Over 42M Log Entries from Nike Lottery User Data May Be for Sale on Hacker Forum

• The personal details of individuals participating in Nike’s lottery are apparently for sale on a popular data breach forum.
• Over 42 million log entries are contained in the data set acquired via the alleged breach.
• The hacker claims the exfiltrated data comes mostly from the Discord platform, from 2020 to 2024.

Sorb, a threat actor, claimed to sell the data that was allegedly stolen in a cyberattack from American footwear and apparel industry leader Nike’s Customer Relationship Management (CRM) software on the dark web.

The cybercriminal, who appears to have joined the breach forum in 2023, said on January 9, 2025, that they exfiltrated over 11.9GB of data with over 42,000,000 log lines. Nike periodically hosts lotteries for participants. 

The database has information collected between 2020 and 2024 and includes sensitive log details. Sorb wrote they accessed the ESNKRS raffle bot to exfiltrate the data, which conducts lotteries for the footwear giant on platforms such as Telegram and Discord. 

Sorb said, “...in this case, the main audience is Discord,” suggesting that the information they had was largely from Discord. 

Nike was in the news after a 25-year-old man infiltrated the company’s systems.
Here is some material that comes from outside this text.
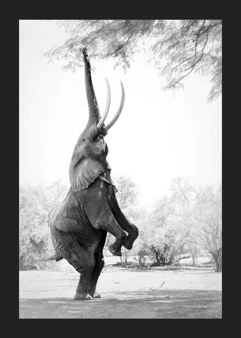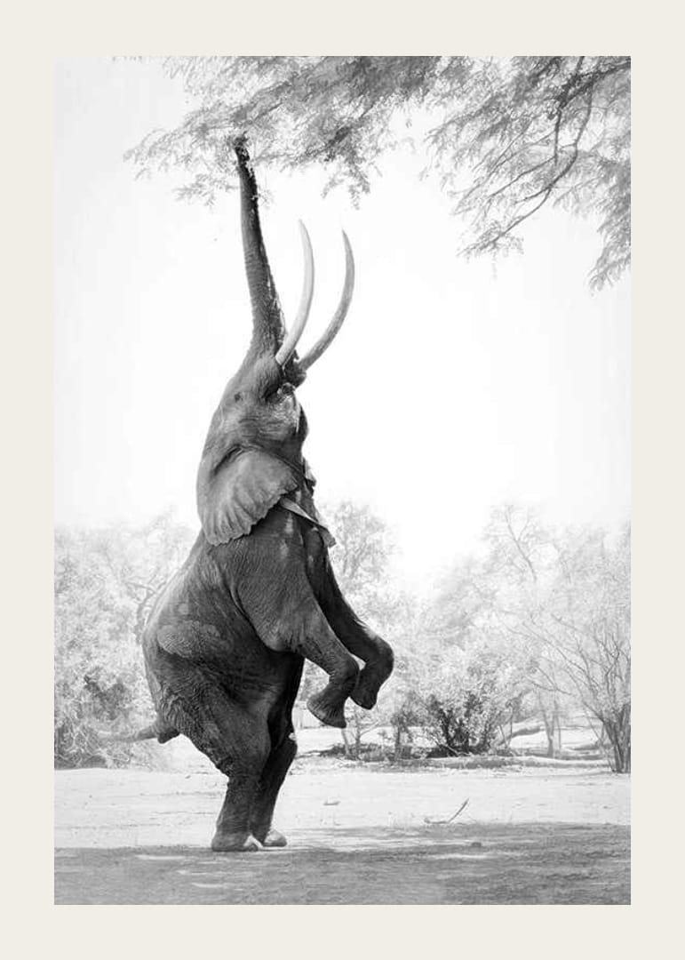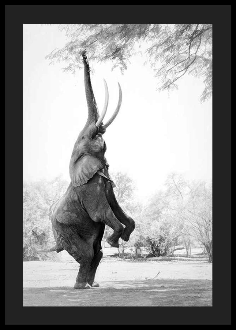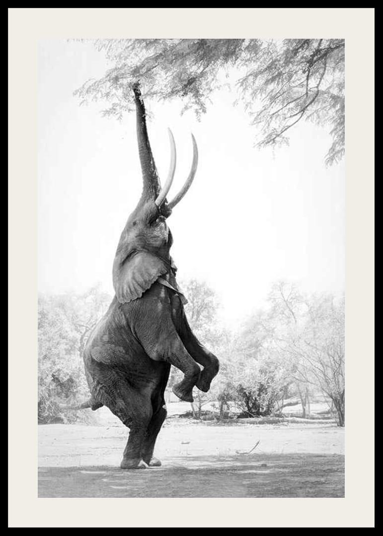 Slon stojí vzpriamene na zadných nohách a naťahuje chobot smerom k previsnutým konárom, aby dosiahol na lístie. Motív je čiernobielo vyfotografovaný so svetlým pozadím a jemnými detailmi v okolitej prírode. Tento plagát vytvára osobitý dojem a je vhodný do všetkého od obývacích izieb až po kancelárie.
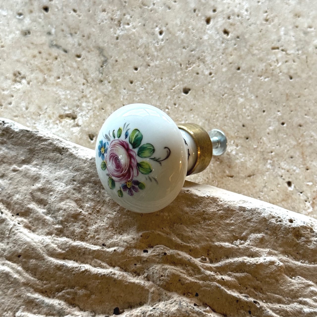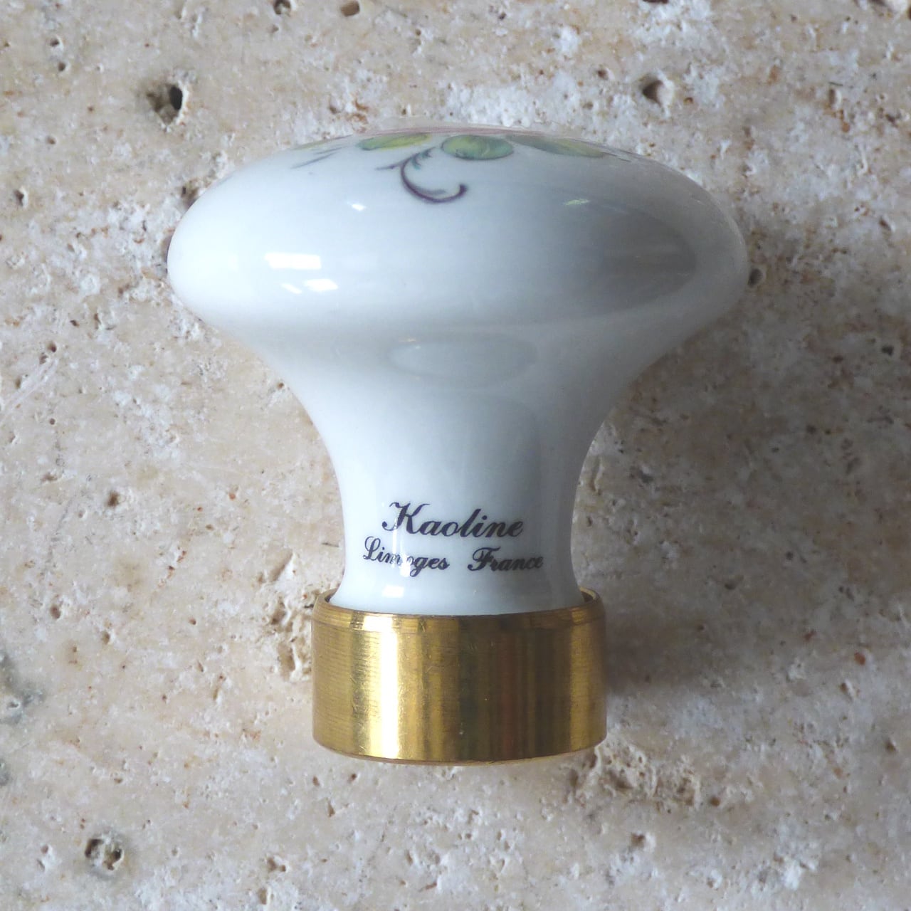 フランス、カオリンヌのオールドローズ柄(rose ancienne)の引き戸棚用小ノブ(35mm径)です。金属部分が「真鍮光沢ニスなし」です。

Andrew Kelly had no formal training in coding, but the police found evidence of him boasting about his hacking skills and that he entered other websites, including The Cooperative Group and Ubisoft Entertain SA.
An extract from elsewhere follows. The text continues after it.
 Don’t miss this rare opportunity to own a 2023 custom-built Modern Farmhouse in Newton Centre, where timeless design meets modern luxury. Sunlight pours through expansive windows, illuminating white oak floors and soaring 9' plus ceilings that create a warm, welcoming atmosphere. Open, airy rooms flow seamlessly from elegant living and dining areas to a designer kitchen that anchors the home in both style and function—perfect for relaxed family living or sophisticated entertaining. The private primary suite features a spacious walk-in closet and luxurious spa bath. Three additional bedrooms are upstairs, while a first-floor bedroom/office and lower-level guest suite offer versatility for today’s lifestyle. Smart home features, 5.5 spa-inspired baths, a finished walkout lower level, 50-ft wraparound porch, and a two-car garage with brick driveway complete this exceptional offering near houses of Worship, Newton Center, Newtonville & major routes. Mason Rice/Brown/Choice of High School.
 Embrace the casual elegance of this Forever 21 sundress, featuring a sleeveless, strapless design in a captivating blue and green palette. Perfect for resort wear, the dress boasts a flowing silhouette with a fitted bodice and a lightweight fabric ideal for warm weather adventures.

He confessed to amassing thousands of proxy IP addresses. However, he was not sternly penalized because he had not conducted fraudulent activity using the credentials. Kelly did not display any ulterior motives for the crimes, the court said in the sentencing remarks. 

While this incident happened over four years ago, the possibility of hackers misusing previously leaked Nike data now could not be denied. 

The fraud assessment found that 277,000 customer account details were exposed. This also led to PayPal getting targeted by third-party fraudsters who used the data to make over 500 transactions.